I yeild to to gentlaman in the funny orange suit...


----------



## PAdm (5 May 2013)

HappyWithYourHacky said:
			
		

> The Griffon is a sad excuse for a SAR chopper. It's good to see the issue getting some attention.



Better a helicopter perhaps not ideal for SAR than one not yet delivered or merely being discussed...  :2c:


----------



## Ciskman (5 May 2013)

PAdm said:
			
		

> Better a helicopter perhaps not ideal for SAR than one not yet delivered or merely being discussed...  :2c:



Agreed. I'm just pleased to see the issue being looked into.
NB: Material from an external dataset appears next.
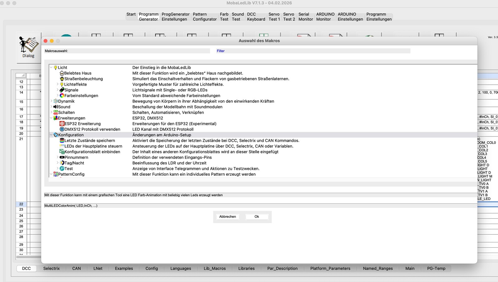 - Makro-Extensions: Mit dem pyMLL spezifischen Makro MultiLED Farb-Animation lassen sich beliebige Pattern mit beliebig vielen LEDs erzeugen. Testweise gibt es in diesem Makro jetzt einen Button: Eigener Makro, und oben im Fenster neue Felder für einen Name und eine Kurzbeschreibung des Makros. Ein Druck auf den Button erzeugt eine neue MLL-Makro-Extension mit den Eigenschaften des Patterns, das man in der MultiLED Farb-Animation erstellt hat. Dieser Makro kann direkt in der Makroliste unter "Erweiterungen" ausgewählt werden. Als einzigen Parameter kann man die Zeit für den ersten Zeitparameter des Patterns einstellen. Der Makro funktioniert übrigen nicht nur in der pyMLL, sondern auch im ExcelprogrammGenerator.

Hopefully a viable solution will be found.


----------



## Jammer (5 May 2013)

3-4 Airframes back in the air is not unreasonable to hope for...Perhaps raise another Sqn?


----------



## Ostrozac (6 May 2013)

Jammer said:
			
		

> 3-4 Airframes back in the air is not unreasonable to hope for...Perhaps raise another Sqn?
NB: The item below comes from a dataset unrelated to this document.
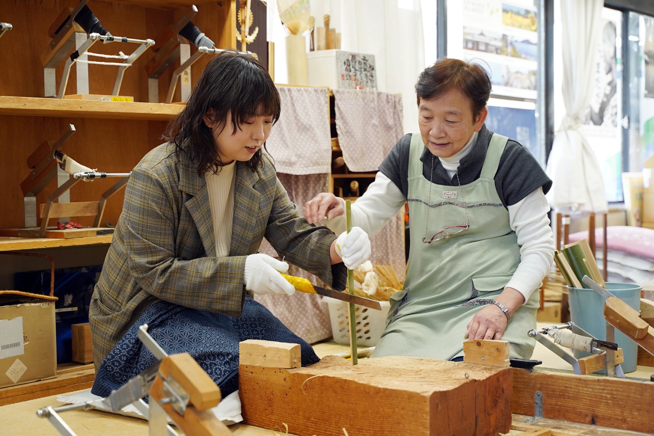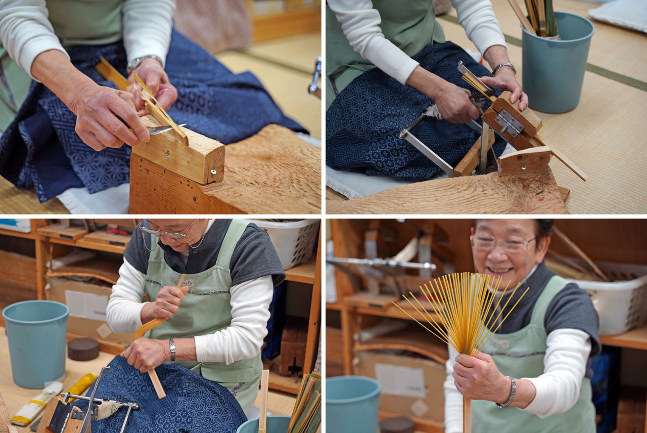 「うちわ工房 竹」には、三谷さんをはじめ6名の丸亀うちわ職人が在籍し、制作体験では骨制作、貼り、たたきなどを丁寧に教えてくれます。竹によって仕上がりに違いが生まれるので、うちわづくりに適した竹を選ぶことが大切です。丸亀うちわは「男竹=真竹」を使用し、良い竹を見極めるには「節」を見るのがポイントなのだとか。

I think that one of the objectives is to transition 424 Squadron off the Griffon and back to the Cormorant. As others have stated, the Griffon has limitations in the RWSAR role.


----------



## Colin Parkinson (6 May 2013)

From my reading the airframes are mostly complete and have almost zero hours on them, only a 1 or 2 did test flights. http://en.wikipedia.org/wiki/Lockheed_Martin_VH-71_Kestrel


----------



## Cloud Cover (7 Jan 2018)

http://viewer.zmags.com/publication/45112027#/45112027/18

IMP says Cormorant fleet can be brought up to 21. Was that the plan, I thought these were spare parts.


----------